The Joker: "Introduce a little anarchy. Upset the established order, and everything becomes chaos. I'm an agent of chaos. Oh, and you know the thing about chaos? It's fair!"

Your agent works in demos. It passes evals. Then it hits production: the LLM rate-limits, the tool API returns garbage, the stream cuts mid-response. The agent fails silently, confidently returns wrong answers, or loops forever.

agent-chaos breaks your agent on purpose—before production does.

Why This Exists

AI agents have failure boundaries that didn't exist before:

Boundary	What Can Break
LLM provider	Rate limits, timeouts, server errors, stream interruptions
Tool execution	API failures, malformed responses, lies
Context/memory	Corrupted retrieval, poisoned history, token overflow

Traditional chaos engineering tools (Chaos Monkey, Gremlin, Litmus) operate at the infrastructure layer—network partitions, pod failures, CPU stress. They don't understand agent-specific failure modes. They can't corrupt a tool result or cut an LLM stream after 10 chunks.

Evaluation tools (Galileo, DeepEval, LangSmith) tell you if your agent worked correctly. They judge past runs. They can't answer: "What happens when the weather API lies?"

agent-chaos injects failures. Eval tools judge outcomes. Use both.

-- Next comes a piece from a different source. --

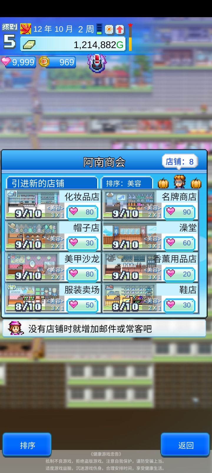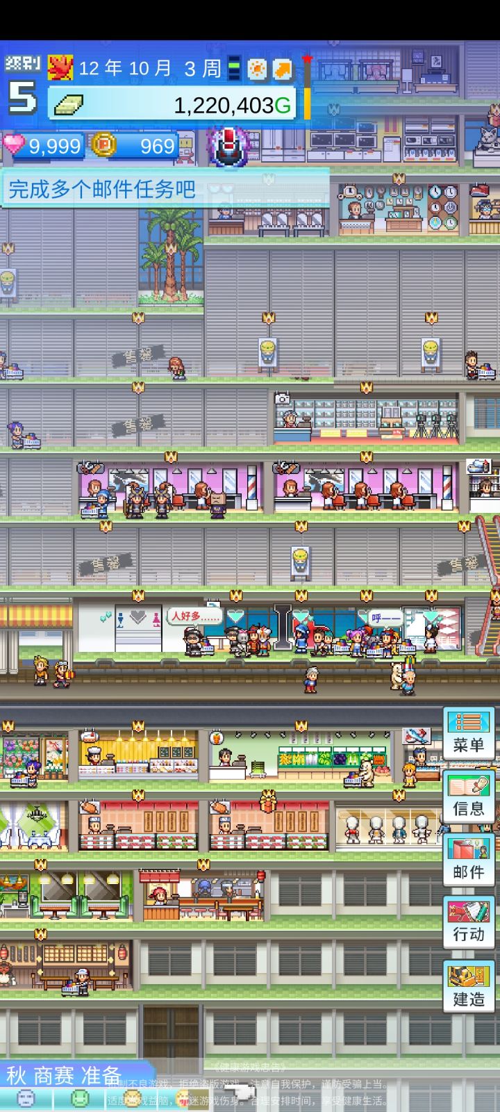 纪念一下,百货商场物语玩通关啦,后期钱和爱心根本用不完,只要把现有店铺一直升级,就会达成邮箱人的要求并给奖励。另外tips: 只要把商品单价高的商店安置到到第一层,钱就可以迅速攒起来。

                     ┌─────────────────┐
                     │  agent-chaos    │
                     │  (inject chaos) │
                     └────────┬────────┘
                              │
                              ▼
┌──────────────┐       ┌─────────────┐       ┌──────────────┐
│   CI / Test  │──────▶│  Your Agent │──────▶│  Eval Tools  │
│   Pipeline   │       │             │       │  (judge it)  │
└──────────────┘       └─────────────┘       └──────────────┘

What It Does

Inject chaos at every agent boundary:

from agent_chaos import (
    chaos_context,
    llm_rate_limit,
    llm_stream_cut,
    tool_error,
    tool_mutate,
)

def corrupt_weather(tool_name: str, result: str) -> str:
    # Return plausible lies
    return result.replace("22°C", "-50°C")

with chaos_context(
    name="resilience-test",
    chaos=[
        llm_rate_limit().after_calls(2),
        llm_stream_cut(after_chunks=10).with_probability(0.3),
        tool_error("Service unavailable").for_tool("get_weather").on_call(1),
        tool_mutate(corrupt_weather),
    ],
) as ctx:
    response = my_agent.run("What's the weather in Tokyo?")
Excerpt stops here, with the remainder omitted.